OxBlog

Friday, January 02, 2004

# Posted 1:08 PM by Ariel David Adesnik  

ANOTHER HOMELESS DEMOCRAT: I had a long talk this morning with George Packer, a staff writer for the New Yorker who recently published an excellent in-depth account of the occupation. George also wrote (for the NYTM) what was probably the best article on reconstruction planning that made it into print before the war.

George actually got in touch with me because of my affiliation with Harvard, and not because of OxBlog. However, he is a daily consumer of Josh Marshall's Talking Points Memo. The reason George got in touch was because he heard that my dissertation focused on the role of American conservatives in returning democracy promotion to the foreign policy agenda in the 1980s.

Unfortunately, I don't think that I was as much help as George might've hoped. The reason is twofold. The first is that my research is still ongoing, so I know far more about the Carter era and the early Reagan years than I do about the later period.

Second, I don't have much to say (yet) about the neo-conservatives' stand on democracy promotion in the 1980s, as opposed to the Republican stand in general. Nonetheless, I think George was rather struck when I described how Elliot Abrams and Tom Harkin joined forces to help kick out the Pinochet government in Chile.

The reason for George's interest in early neo-con views on democracy promotion is that he is trying to unearth the intellectual roots of George W. Bush's post-9/11 agenda. While there is no question that neo-conservatives generally embraced democracy as the antidote to communism in the 1980s, in it is far less apparent that they had a serious interest in laying the institutional foundations for democratic reform in allied nations.

Instead, my general sense is that their focus was primarily on bashing the Soviet for the lack of democracy in Eastern Europe and supporting the freedom fighters/"freedom fighters" in Nicaragua. Nonetheless, as I emphasized to George, Reagan's rhetorical support for democracy brought idealism back on to the Republican agenda and made today's ideological rhetoric (and corresponding half-actions) possible.

As far as the current administration goes, George has very little nice to say. His tone when discussing Republicans in general is fairly similar to that of Josh Marshall. When it comes to Iraq, George has the cynicism bred of first-hand encounters with the unforgiveable incompetence of the CPA.

Yet in spite of it all, George is dangerously close to being a liberal hawk. Like TNR and like Michael Totten (and OxBlog, of course) George really believes that the Democratic party must reclaim its heritage as the true advocate of liberal internationalism, of using American power to ensure the spread of democratic values across the globe.

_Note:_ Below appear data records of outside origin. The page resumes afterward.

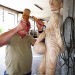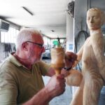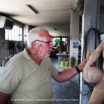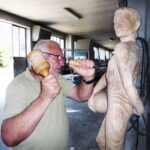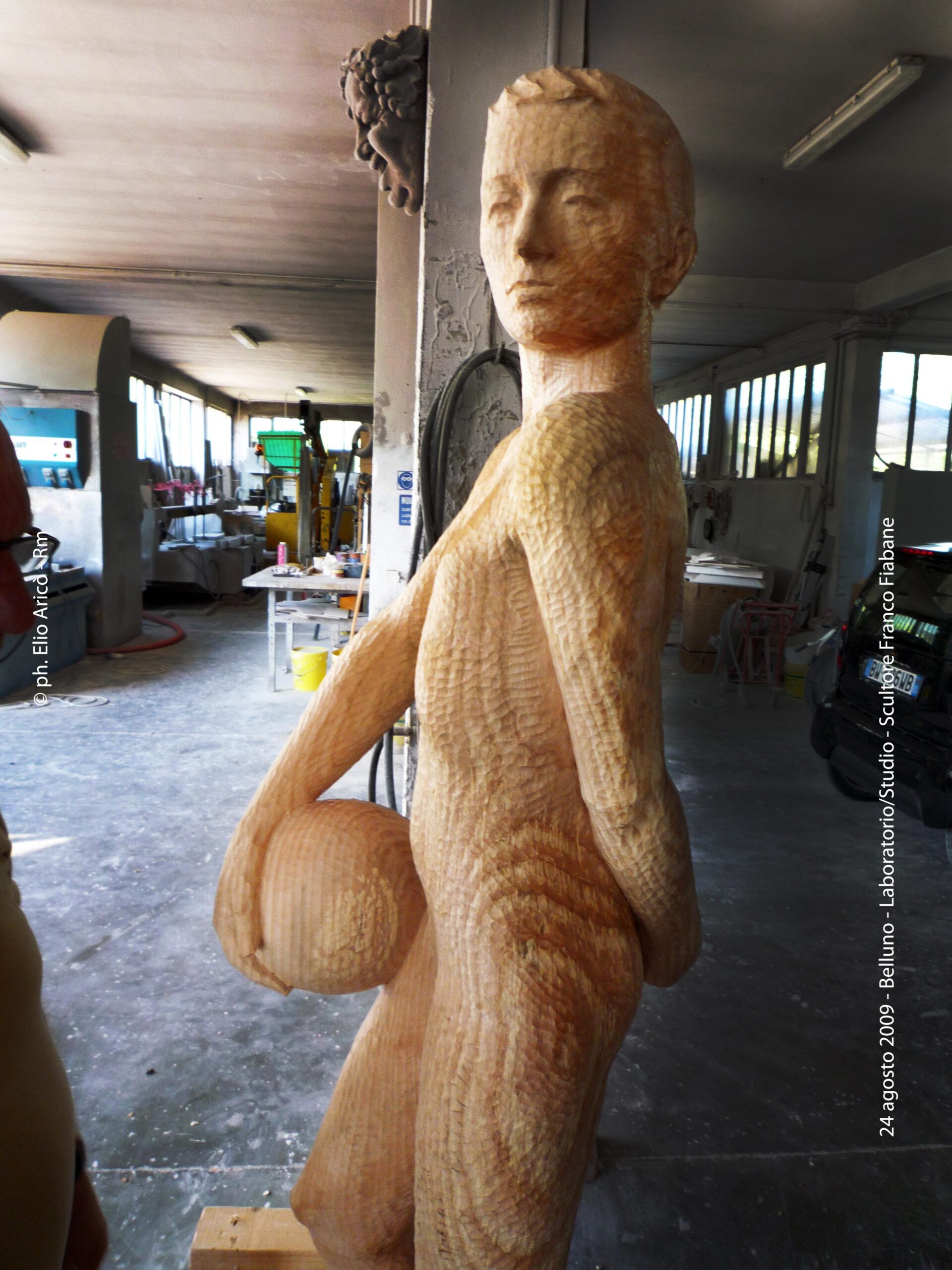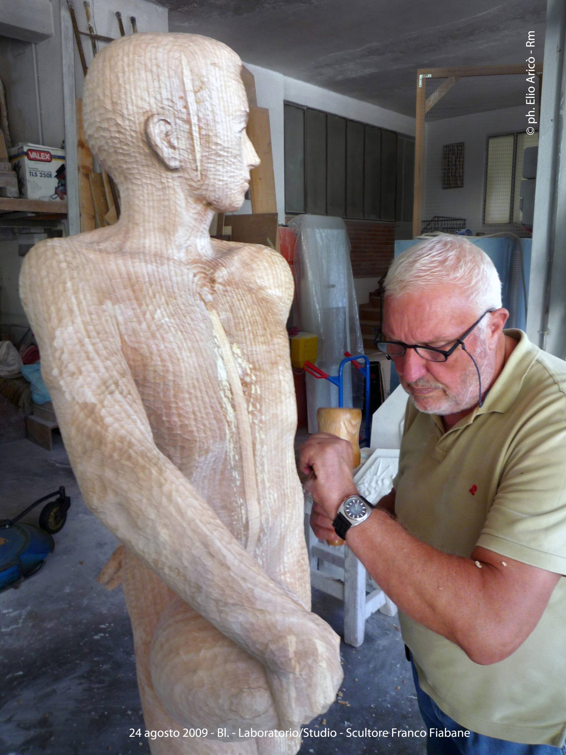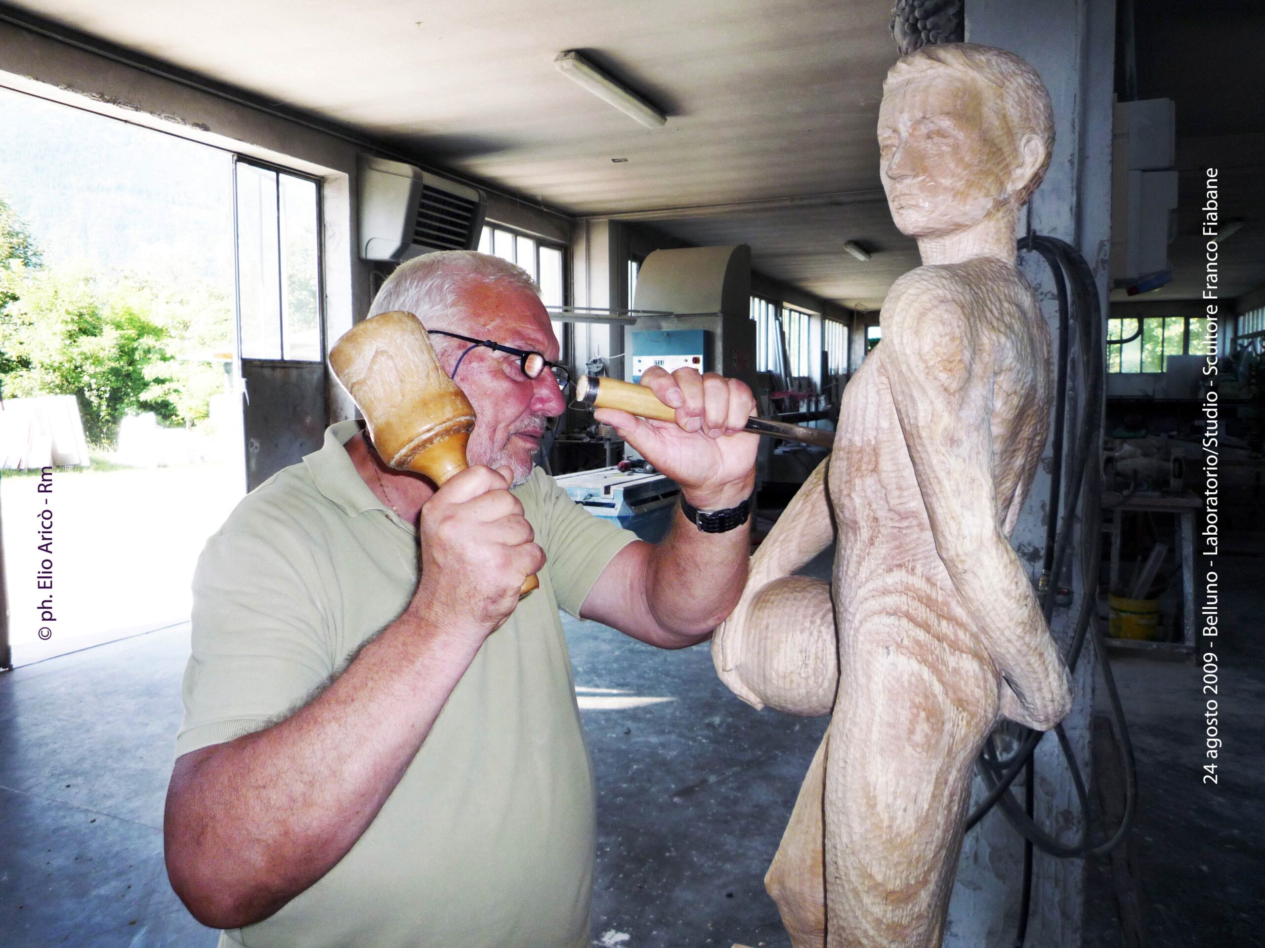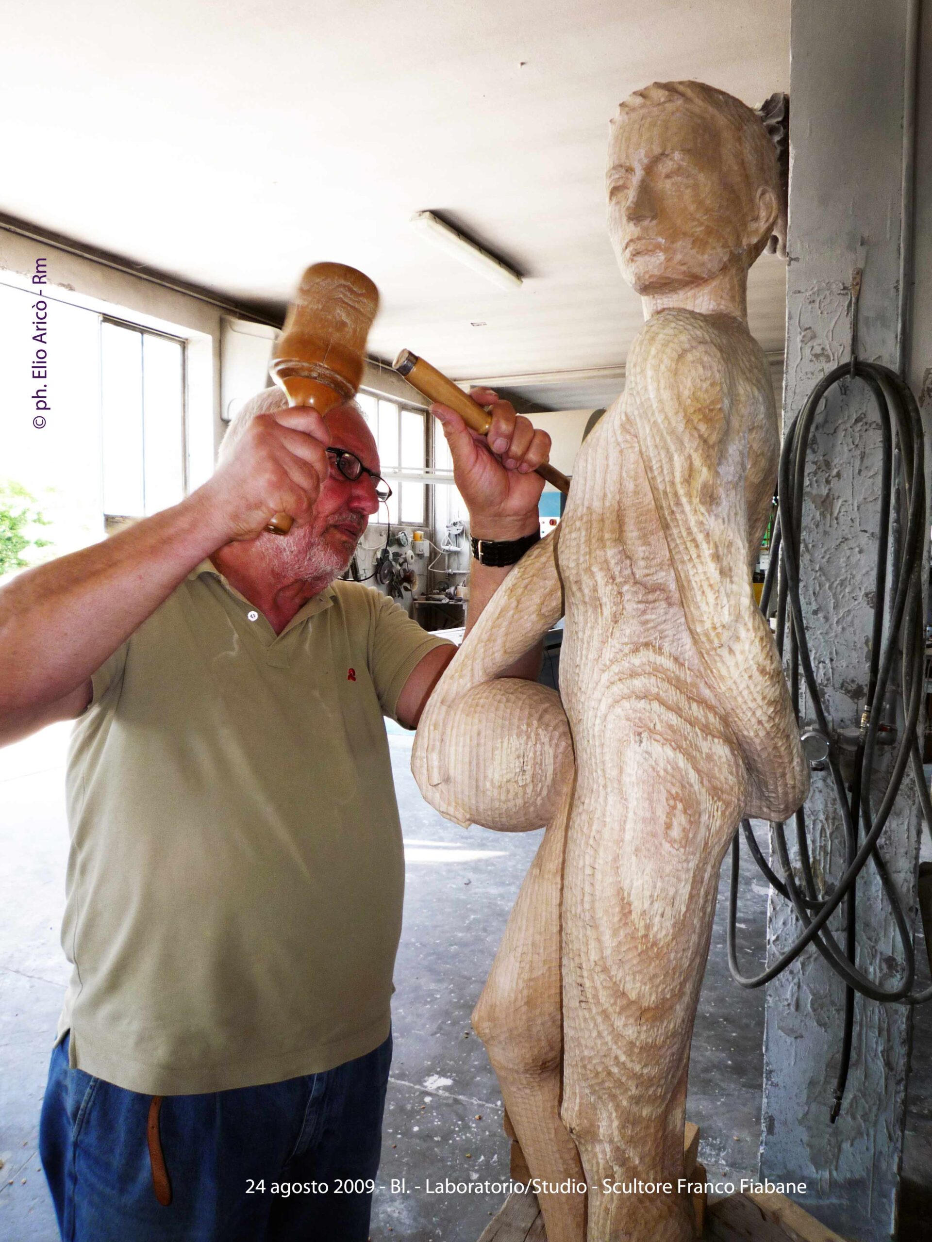 Il fotografo romano Elio Aricò apre il suo archivio e condivide con i lettori di Radiopiù un prezioso ricordo dell’artista bellunese Franco Fiabane. Un racconto per immagini e memoria che risale all’estate del 2009, quando Aricò seguì passo dopo passo la nascita della scultura lignea Il pallanuotista, documentandone l’intero processo creativo dal 10 luglio al 24 agosto. «Al primo impatto – racconta il fotografo – mi sono trovato di fronte a una figura classica, che richiamava gli atleti scolpiti nel marmo negli anni Trenta al Foro Italico». Un’impressione immediata di forza, equilibrio e bellezza che lo spinse a osservare e immortalare ogni gesto dell’artista. A una visione superficiale, le immagini possono sembrare simili tra loro. Ma è l’occhio attento a cogliere ciò che Aricò definisce «un vero manuale di tecnica scultorea»: il mazzuolo e lo scalpello che, nelle mani esperte di Fiabane, trasformano: la materia che si apre, si assottiglia, prende vita. Giorno dopo giorno la figura del pallanuotista diventava sempre più espressiva, rivelando una sorprendente armonia tra muscoli, ossa e venature naturali del legno. «La scultura, pur non essendo ancora definitiva, si faceva sempre più realistica ed esteticamente coinvolgente», ricorda Aricò. L’ultimo scatto è una piccola opera nell’opera: una composizione naturale di trucioli, residui della lavorazione, che chiude idealmente il percorso creativo.
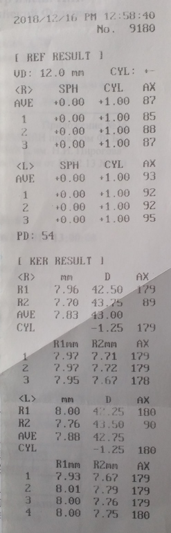 Мне всегда казалось, что раз минус, это близорукость, я уже успела "обрадовать" ребенка, что это на всю жизнь теперь очки, он успел всплакнуть. Но тут я узнала, это не всегда так, а может быть просто обратный знак и соответственно другие углы получаются. То есть при астигматизме можно на одни и те же глаза выписать как +, так и -, но с разными углами и это по факту одно и тоже. И уже глядя на верхнюю распечатку я вроде как там тоже вижу эти 180 гр. и -1,25, т.е. получается, что зрение и не упало?
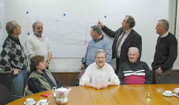 Foto: Die Mitglieder der Fraktion aus SPD und GRÜNEN Roland Seemann, Barbara Gruner, Hartmut Bugiel, Bernhard Bloem, Wilhelm Kröger (von links nach rechts), Anton Schippmann (2. von rechts), Gottfried Sandmann (rechts) lassen sich von Norbert Averdung (3. von rechts) die Pläne für den Umbau des Hallenbades erläutern.
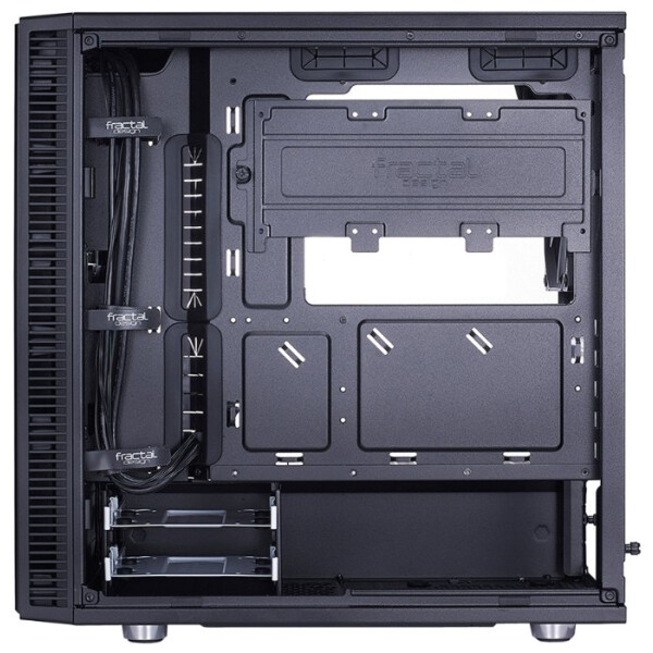 За счет того, что Define C TG компактнее обычного ATX и microATX-корпусов и его внутреннее пространство оптимизировано, корпус становится идеальной основой для сборки любой конфигурации. Компоновка внутреннего пространства способствует свободному прохождению воздуха вокруг основных компонентов, обеспечивая хорошее охлаждение и тишину работы системы. Широкая поддержка охлаждения (как воздушного, так и жидкостного) обеспечивает создание мощных систем. Обладая чертами серии Define, корпус Define C TG получил характерный дизайн передней панели, плотный звукопоглощающий материал и верхнюю панель с заглушками ModuVent. Те, кому хочется снять ModuVent и установить дополнительные вентиляторы или радиатор, вместо заглушек могут зафиксировать пылевой фильтр с магнитными креплениями, а встроенный кожух для блока питания обеспечивает непревзойденный уровень укладки кабелей.
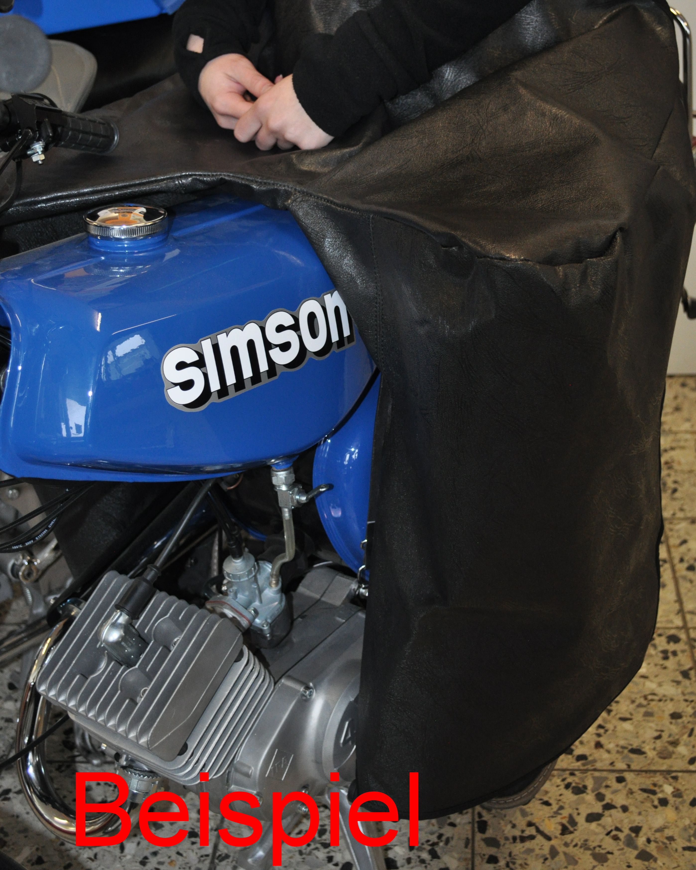 Hey Simson-Fahrer! Diese Knieschutzdecke ist genau das Richtige für die kalten Jahreszeiten. In schwarzem Kunstleder sieht sie nicht nur gut aus, sondern schützt dich auch super vor Wind und Wetter. Einfach mit den Schnallriemen zwischen Tank und Sitzbank befestigen - schon bist du ready für die nächste Fahrt. Hergestellt in Deutschland, also Qualität, auf die du dich verlassen kannst. Passt perfekt für S50, S51 und S70 Modelle. Nie wieder frierende Knie auf der Fahrt zur Arbeit oder bei der Sonntagsausfahrt! Einfach montieren und losdüsen - egal bei welchem Wetter.
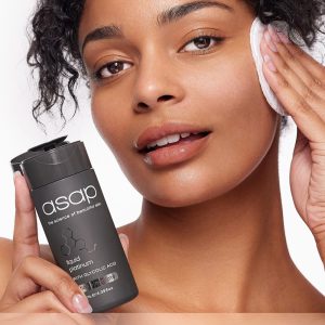 Thoa sản phẩm: đổ một lượng nhỏ Asap Liquid Platinum lên bông cotton và thoa đều lên mặt, cổ và vùng ngực (décolletage).
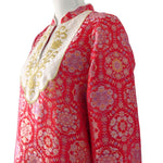 CAREN DRESS IN RED BROCADE
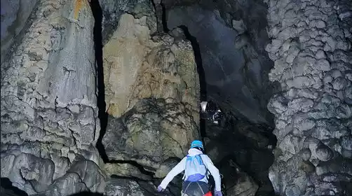 Baita Cave has been explored to have a main cave of over 6,000 meters long and a branch cave of over 3,000 meters long, covering an area of approximately 20,000 square meters. From the entrance, the instructor begins laying the rope, and then goes through a series of technical operations such as traversing, descending, traversing again, and descending again. Depending on the number of people and the condition of the team members, it takes about 4-6 hours in the cave.
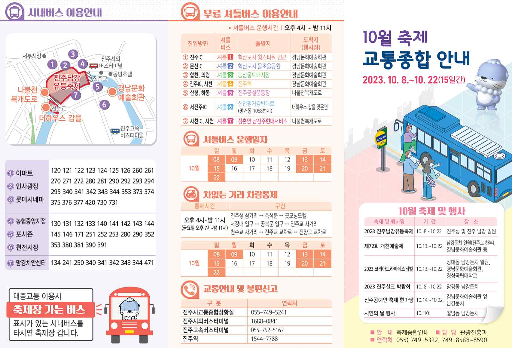 - 10월 8일부터 22일까지 '역사의 강 평화를 담다'라는 주제로, 다른 해와 똑같은 장소인 촉석루 앞 남강에서 진주남강유등축제 개최
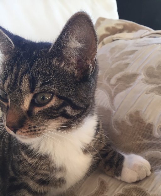 Liten kattunge, sort og gråstripete satt ved utenfor Kaffebarn på Kolbotn Torg.

As such, George feels no less marginalized within the Democratic party than does TNR or Michael Totten or OxBlog. He was glad to hear however, that the Rachels and Patricks of this world are doing the best to create a real future for Democratic foreign policy. If the lib hawks are ever to have the success that the neo-cons have had, we have to have scores of young idealists ready to march into the next Democratic administration and ensure that it lives up to our ideals.

Not in 2004, however. With a sense of personal disappointment that can only grow out of true loyalty, George regrets the rise of Howard Dean and the resurgence of the ostrich-headed doves. And Wes Clark isn't much better. But more important than the views of Dean and Clark is the fact that the Democratic base has no real desire to unite power and idealism. Instead, most Democratic voters continue to embrace a sort of kneejerk multilateralism.

And so it goes. For as long as misery loves company, liberal hawks will be social animals.